La visita de Felipe VI y Letizia Ortiz al barrio sevillano conocido como “de las 3.000 viviendas” es un error comunicativo como una casa. Está claro que su periplo por España ha sido organizado por alguien con un nivel de caspa digno de la Casa Real. ¿Dónde van los Reyes? ¡Al barrio más pobre de España! Y, ¿cómo van? Estrenando coche blindado de 550.000 € por lo que pudiera pasar. ¿Cuál es el mensaje? No hace falta ni ponerlo en negro sobre blanco. Quien alaba este recorrido, esas fotos y aquellos gestos (el del coche blindado a estrenar de medio millonazo entre pobres y armados) tiene que estar en el ajo.
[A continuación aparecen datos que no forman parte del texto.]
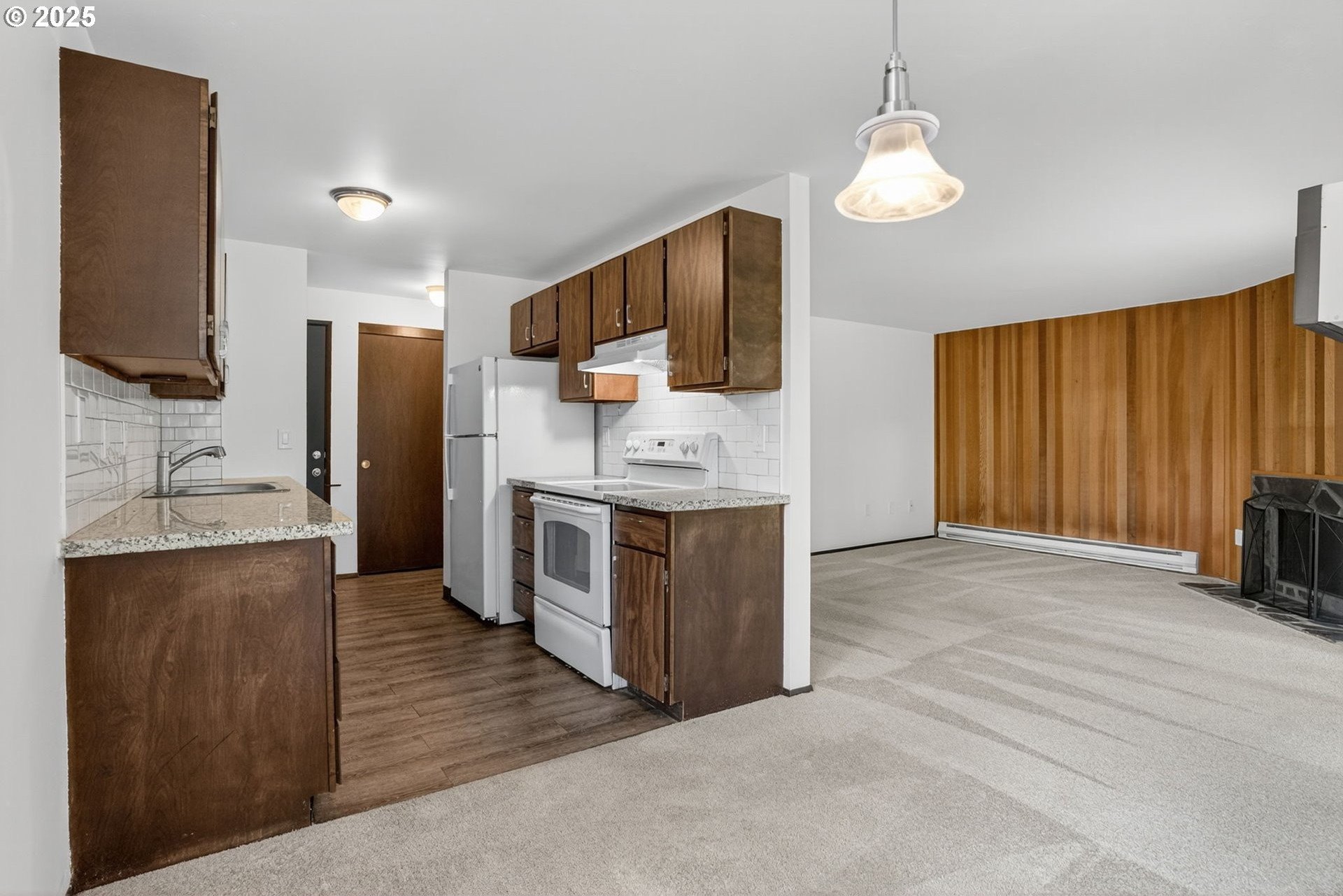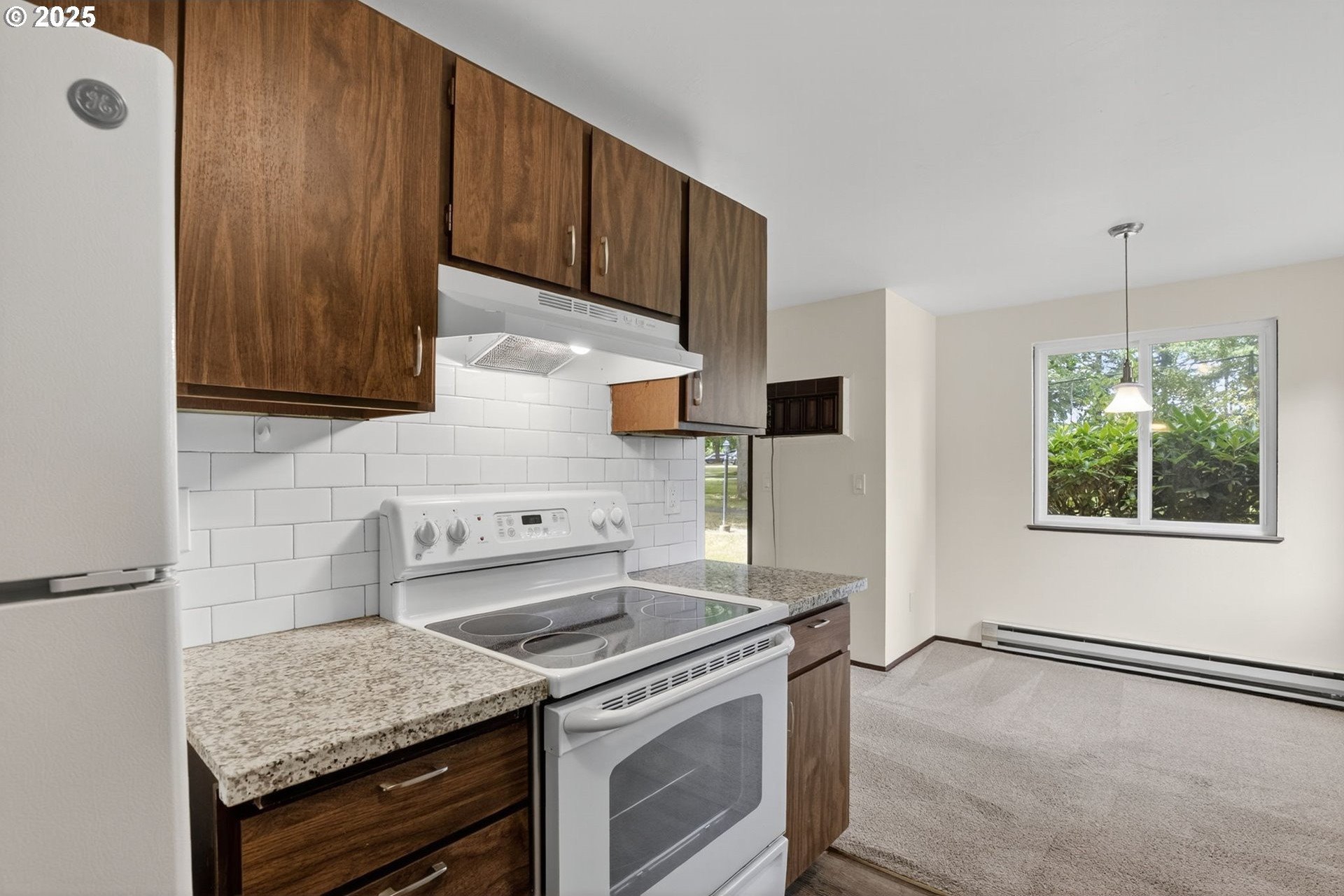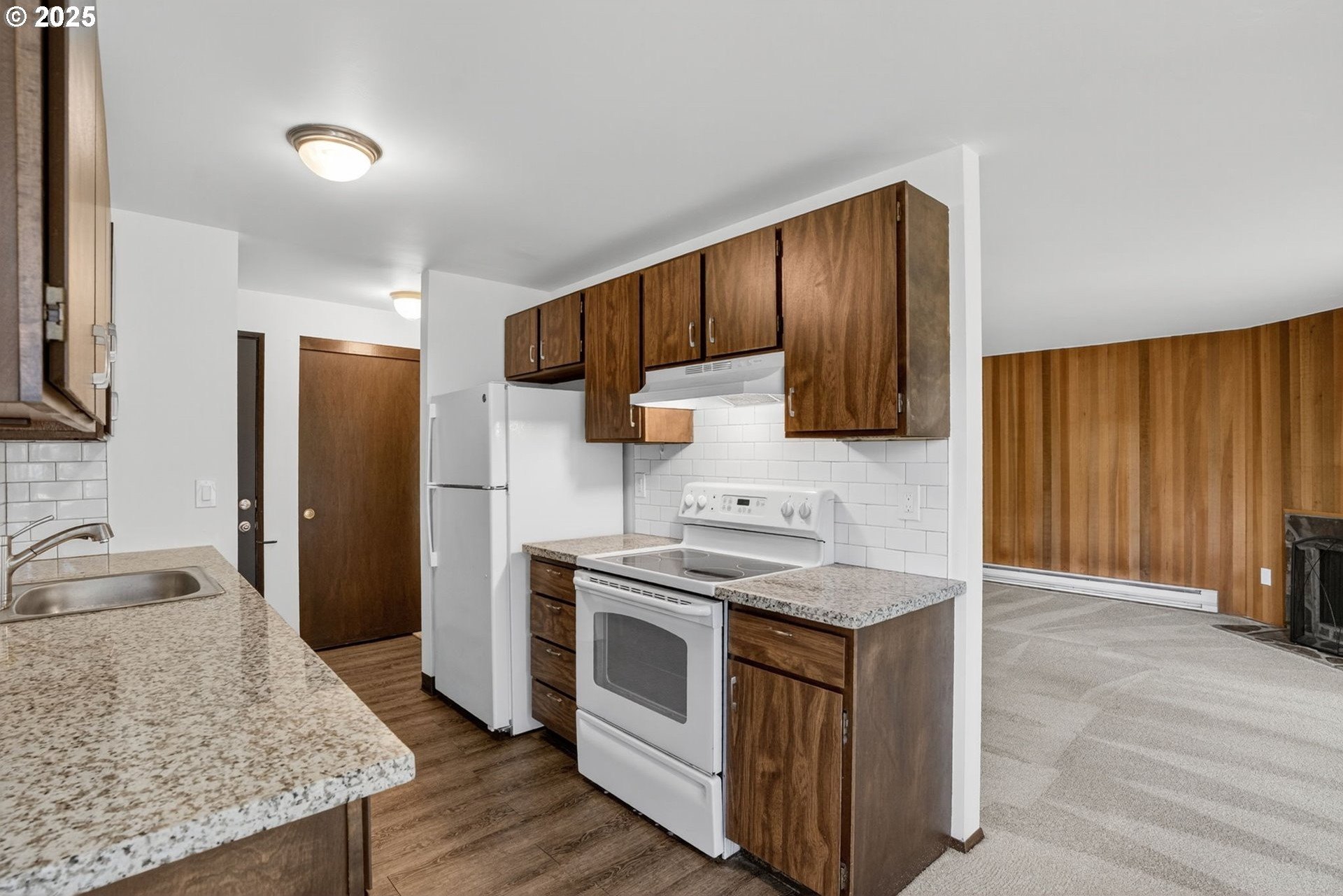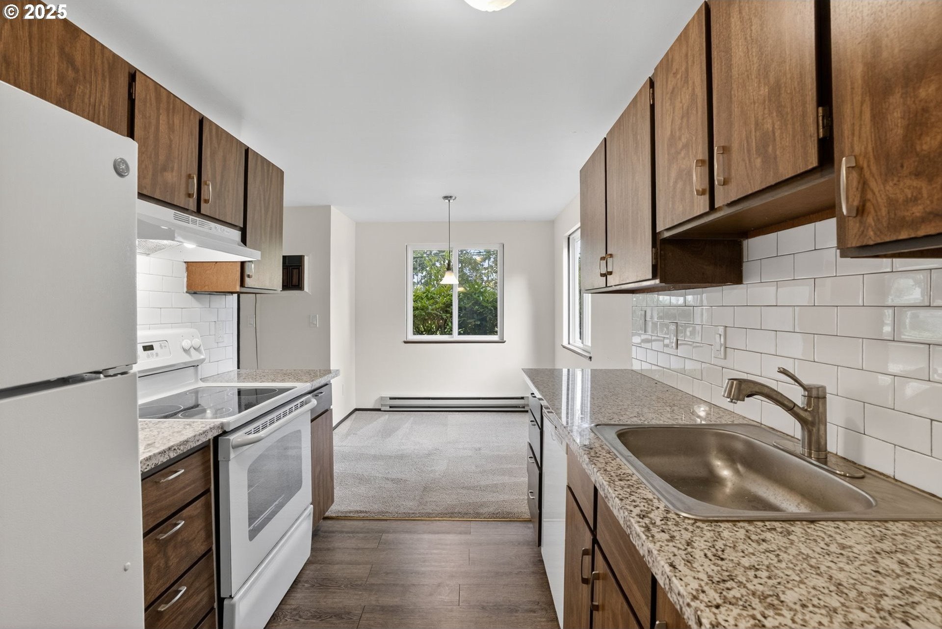 A private driveway alongside Rock Creek Golf Course leads you to this serenely located ground floor condo. Natural light filters in from three sides of windows on this end unit, a rarity in this complex. Enjoy a tasteful combination of vintage charm with tasteful updates throughout. Recent improvements include new bathroom LVP flooring, new sink and toilet, range hood, refrigerator and all new interior paint. The kitchen offers granite countertops and a subway tile backsplash. A private patio faces the tennis courts, a short walk away. The dedicated garage is just a few steps away from the front door. Washer/dryer and all appliances are included. Seller is a licensed real estate agent in the state of Oregon.

La historia de una foto. La historia de un país

El matrimonio McCloskey vive en un casoplón en San Luis, Missouri. Ambos son abogados especializados en lesiones. Él tiene un rifle de asalto y ella una pistola (igual tiene más armas, pero solo hemos visto esas). Y se vieron obligados a sacarlos para proteger su propiedad, como reconoce la ley estadounidense, ya que se vieron amenazados por unos manifestantes negros que atravesaron su propiedad para llegar hasta la casa de la alcaldesa de la ciudad, que ha filtrado los nombres de quienes reclaman mayor control sobre la policía. La historia de la ya famosa foto la cuentan bien en El Confidencial, y es la crónica de un país.

¿Qué buscan las apps?

Durante el confinamiento me abrí una cuenta en TikTok. Siempre intento comprender los mecanismos que hacen que algo guste a mucha gente, como esta app que, a mis ojos, solo es una versión concentrada de lo peor que puedes encontrar en YouTube. Pero en Magnet nos explican lo que obtiene la aplicación china: “Tu nombre y apellidos, predecir con un bajo margen de error con quién convives y quiénes son tu pareja o amigos, cuál es tu banco, cuáles son las contraseñas de otras aplicaciones, el dinero que tienes y extraer más datos sobre tus datos biométricos”. ¿Para qué? Esa es otra historia.